Homogeneous Carbon Dot-Anchored Fe(III) Catalysts with Self-Regulated Proton Transfer for Recyclable Fenton Chemistry

[Image: see text] Fenton chemistry has been widely studied in a broad range from geochemistry, chemical oxidation to tumor chemodynamic therapy. It was well established that Fe(3+)/H(2)O(2) resulted in a sluggish initial rate or even inactivity. Herein, we report the homogeneous carbon dot-anchored Fe(III) catalysts (CD-COOFe(III)) wherein CD-COOFe(III) active center activates H(2)O(2) to produce hydroxyl radicals ((•)OH) reaching 105 times larger than that of the Fe(3+)/H(2)O(2) system.
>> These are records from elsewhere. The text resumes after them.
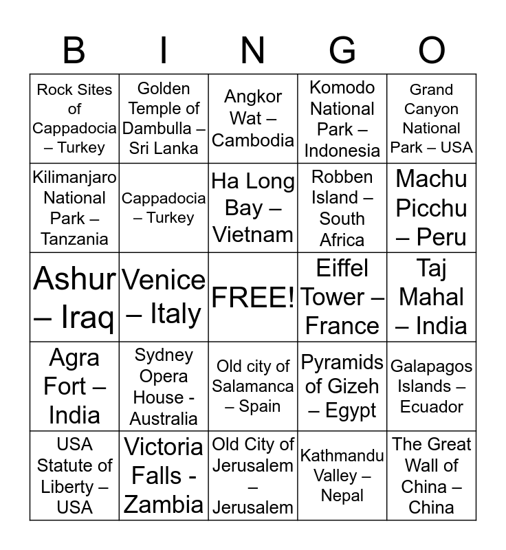 This bingo card has a free space and 24 words: Sydney Opera House - Australia, Victoria Falls - Zambia, Ha Long Bay – Vietnam, USA Statute of Liberty – USA, Grand Canyon National Park – USA, Rock Sites of Cappadocia – Turkey, Kilimanjaro National Park – Tanzania, Golden Temple of Dambulla – Sri Lanka, Eiffel Tower – France, Old city of Salamanca – Spain, Robben Island – South Africa, Ashur – Iraq, Pyramids of Gizeh – Egypt, Galapagos Islands – Ecuador, Cappadocia – Turkey, Kathmandu Valley – Nepal, Taj Mahal – India, Angkor Wat – Cambodia, Machu Picchu – Peru, Venice – Italy, The Great Wall of China – China, Agra Fort – India, Komodo National Park – Indonesia and Old City of Jerusalem – Jerusalem.
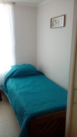 Departamento totalmente equipado con estacionamiento privado. El dormitorio principal tiene un box spring de 2 plazas, el segundo una litera y el tercero una cama de 1 plaza, más el sofá cama. Cuenta con nevera, microondas, lavadora, hervidor, TV pantalla plana y equipo de música. El condominio Marina Sol 3 cuenta con piscina, salas multiuso, quinchos, lavandería y wifi. Temporada baja a $45.000. Alta $70.000
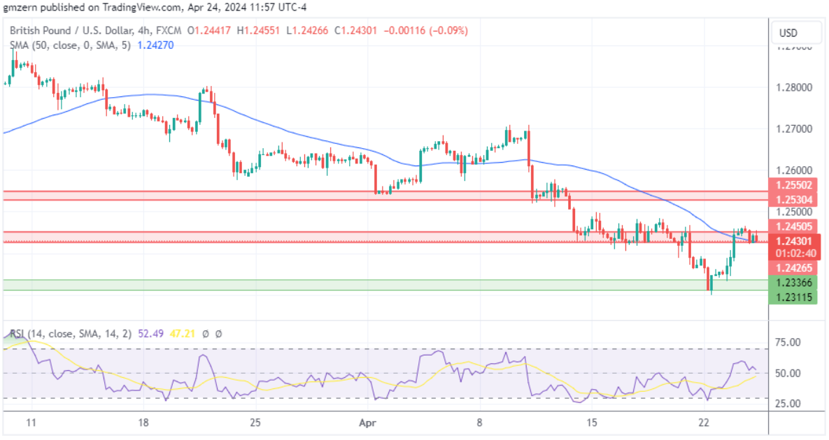 由于交易者关注美国国债收益率上升,英镑/美元仍停留在阻力位1.2425 – 1.2450附近。

The key is the (•)OH flux produced from the O–O bond reductive cleavage boosting by the high electron-transfer rate constants of CD defects and its self-regulated proton-transfer behavior probed by operando ATR-FTIR spectroscopy in D(2)O and kinetic isotope effects, respectively. Organic molecules interact with CD-COOFe(III) via hydrogen bonds, promoting the electron-transfer rate constants during the redox reaction of CD defects. The antibiotics removal efficiency in the CD-COOFe(III)/H(2)O(2) system is at least 51 times large than the Fe(3+)/H(2)O(2) system under equivalent conditions. Our findings provide a new pathway for traditional Fenton chemistry.